After 62 years a person should remember another person’s eyes, no? You’d probably say, “What was so special about my eyes? They were old.” See, your voice, it’s like you’re right here. But not your eyes, which were special. To me they were.
You should see me and Schnitzel moping around the apartment. Tessele, it’s so quiet without you. It’s funny, all the talking we did for all those years, though I could read you without your saying a word. I got used to your voice with me all the time. Even those times when some quiet would
have been okay too. Other voices aren’t yours. What can I say? Not even the kids, who call every day, like clock work. And then there’s the charming Irma Goettle (whose voice made you think Ethel Merman on steroids). She’s
constantly checking to see how I am. The answer is, not so good. Don’t worry, Tess. All of Irma Goettle couldn’t compare with your pinky finger. No, you will never be replaced, despite the scores of beautiful women I turn away night after night. So I talk to myself, like a crazy person, or to Schnitzel, which you might think isn’t so healthy either. Don’t judge. Schnitzel’s good company. She waits for you by the front door, wagging at every sound, including the dainty footsteps of Irma Goettle waddling down the hall. And, truthfully, my heart idiotically skips a beat when I see her tail going. Schnitzel’s, that is, not Irma Goettle’s. Schnitzel’s ears are better than mine these days, so I keep thinking maybe she knows something I don’t. Mostly, I still talk to you. Like you might be wondering about the weather around here or the state of my hip, which isn’t so great since you ask. I miss that voice asking, “Can I fix you a little something. A nice piece cake, maybe?” Funny how you had that touch of an accent ‘til the very end, which was one month ago today, in about 45 minutes, in case you’re not keeping track. The last thing you said, whispered really, was, “Arnie, Arnie.” Remember? I just listened and squeezed your hand, but I was thinking, “Tessele, open your eyes. Just once more.”

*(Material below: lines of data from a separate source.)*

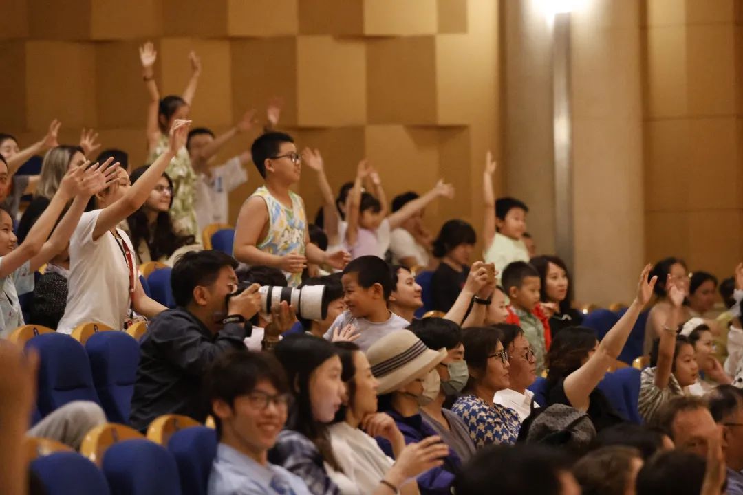 觀眾們不僅僅是坐在座位上靜靜欣賞,他們也積極融入到演出中;隨著音樂的節(jié)拍搖動身體,跟隨歌曲的旋律舞動起來。在互動環(huán)節(jié),觀眾們紛紛起身參與,他們在相互傳遞著彼此的熱情和活力,在這樣積極且互動性極強的音樂會之中,演出現(xiàn)場猶如燃起了一團(tuán)激情的火焰。
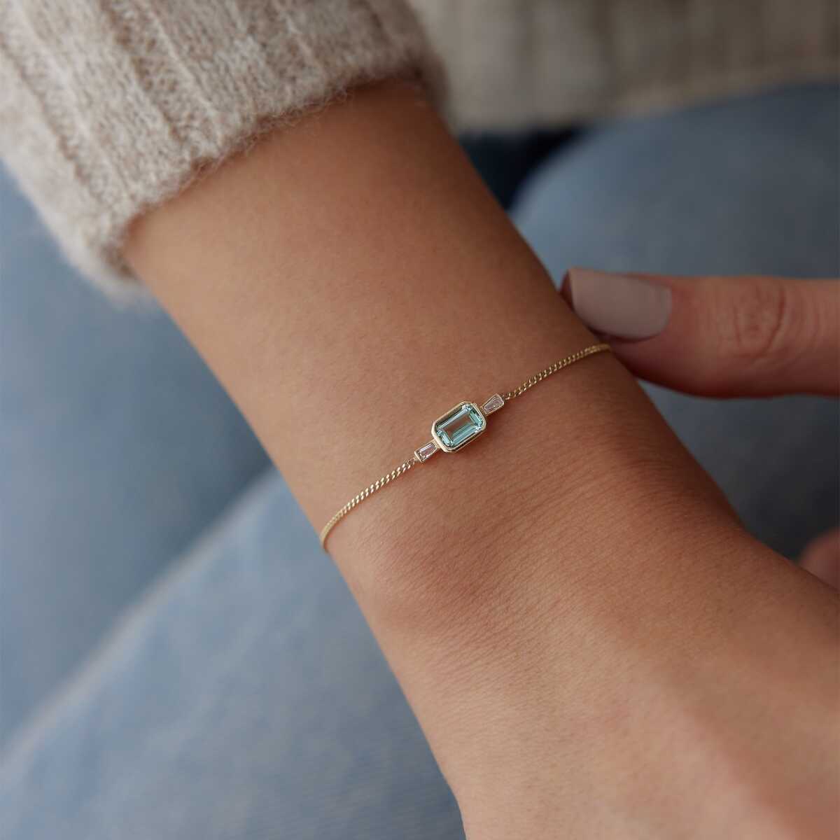Baget Mavi Taş Sıralı Altın Bileklik - Cemart Baget Mavi Taş Sıralı Altın Bileklik - Cemart (1)
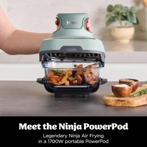 Ninja CRISPi Portable Air Fryer, 3.8L, 4-in-1: Air Fry, Roast, Keep Warm, Recrisp, Space Saving Compact Design, 2x Removable Glass Containers & Lids, 1700W, Sage FN101UKSG
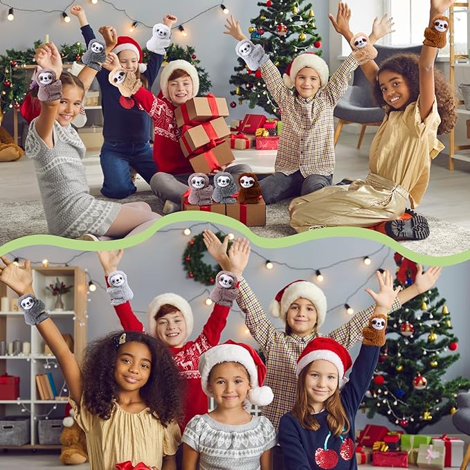 - Sloth Plush Sleepover Party Favor Supplies for Girls Kids Birthday: a pack of 8 plush sloth hug animal slap bracelets of different breeds, cute and exquisite, enough for boys and girls to wear and share with classmates, or to add some variety to their own bracelet collection; This charming set is suitable for various first day of school parties, offering both fun and variety
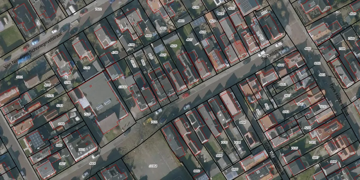 Het perceel waarop Schoolstraat 16 staat heeft een oppervlakte van 229 m². Dit is een middelgroot perceel. De perceeloppervlakte wordt geregistreerd door het Kadaster. Gedetailleerde informatie over de maten van dit perceel kunt u vinden in het rapport Kadastrale kaart met maatvoering van Schoolstraat 16.
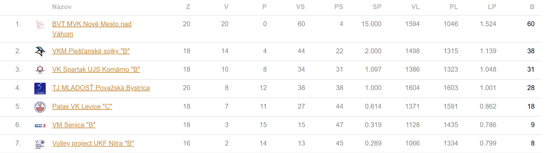 Tabuľka súťaže žiačky
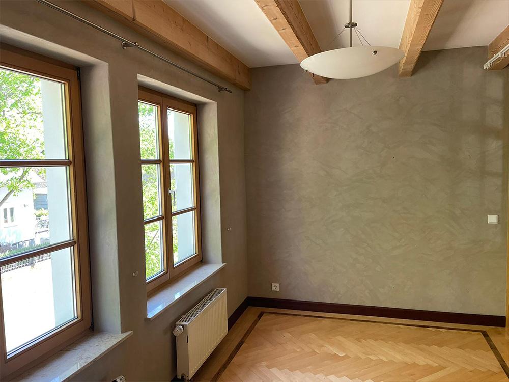 Die schönste Wirkung entfaltet der Feinputz laut unseren glücklichen Kunden in der morgendlichen Sonne, wenn das Licht unmittelbar in den Raum scheint. Aber auch zu allen anderen Zeiten erzeugen die Wandflächen eine angenehme, vitalisierende Raumwirkung im Zusammenspiel mit dem schönen Parkettboden, den Holzbalken und der Einrichtung.
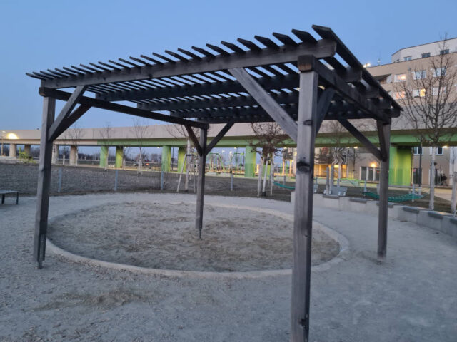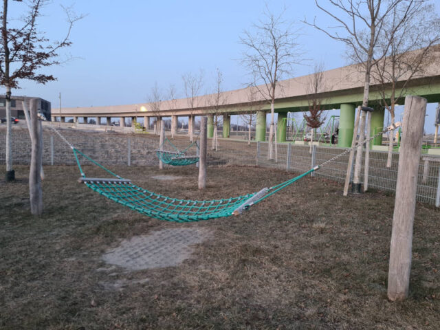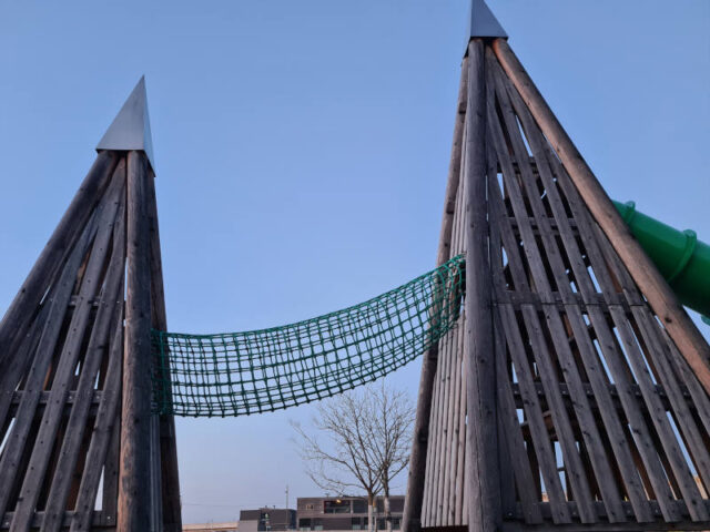 Weil die Tipis und die Rutsche ziemlich hoch sind, hat mich mein 8-jähriger Sohn zuerst eher unsicher gefragt, ob er auf die Tipis klettern soll. Dann hat er es probiert und sich richtig gefreut, dass er es geschafft hat. Zwischen zwei Tipis hängt weit oben eine Netzbrücke. Auch für diese Brücke kann für manche eine kleine Mutprobe sein. Durch die Brücke gelangt man zum nächsten Tipi, von dem eine lange Röhrenrutsche hinunter führt. Man muss aber nicht über die Brücke, um zur Rutsche rauf zu kommen. WCs und einen Trinkbrunnen haben wir leider nicht entdeckt.

Last night I discovered some of your stew in the freezer –with the baby carrots and “top number one grade A steak,” as you called it. Then, hidden in the back of the refrigerator, sat a sad, lonely little dish of rice pudding, with cinnamon and raisins. I wanted to eat it, but, well, it was moldy. Throwing it away caused me pain right in my heart.
Remember when we met? Guys turned to look at you wherever we went, but you didn’t give a fig. Silly girl, just looking at me, always thinking I was so handsome and smart and witty. Which I am, though probably not everyone in the world would agree 100%, aside from the women knocking at the door. No wonder 62 years wasn’t long enough.
Schnitzel and I are wading through photo albums, her paw on my arm as I flip through the pages. Here’s a picture of you on my shoulders at the beach, laughing, your head thrown back; and you with Schnitzel as a puppy, nose to nose; in this one you’re sleeping, just the top of your head peeking out from the covers. I can’t find your eyes in any of them.
Finally! Here’s the one from about six months before you got sick. You’d been reading on the gray couch and glared at me when you saw the camera. Right before I snapped the picture you fussed with your hair for a second and said, “Oy, Arnie. I look like a mop!” Ahhh! There are those eyes smiling at me just the way they did 62 years ago. Remember?
Schnitzel and I are listening to a Sinatra record, like one we played on my Victrola so long ago, your wavy hair kind of stroking my face as we danced. Remember? And whenever you were gloomy or mad, like when I bought you that microwave for your birthday, I would play Frank and motion for you to come dance with me in the living room. Which, admit it, you could never resist.
He’s singing your favorite, “What’ll I Do?” Remember how you called it “Vut’ll I Do?” exaggerating the accent to be funny? I still laugh whenever I hear that song. Well, laugh and cry ‘cause really, vut’ll I do?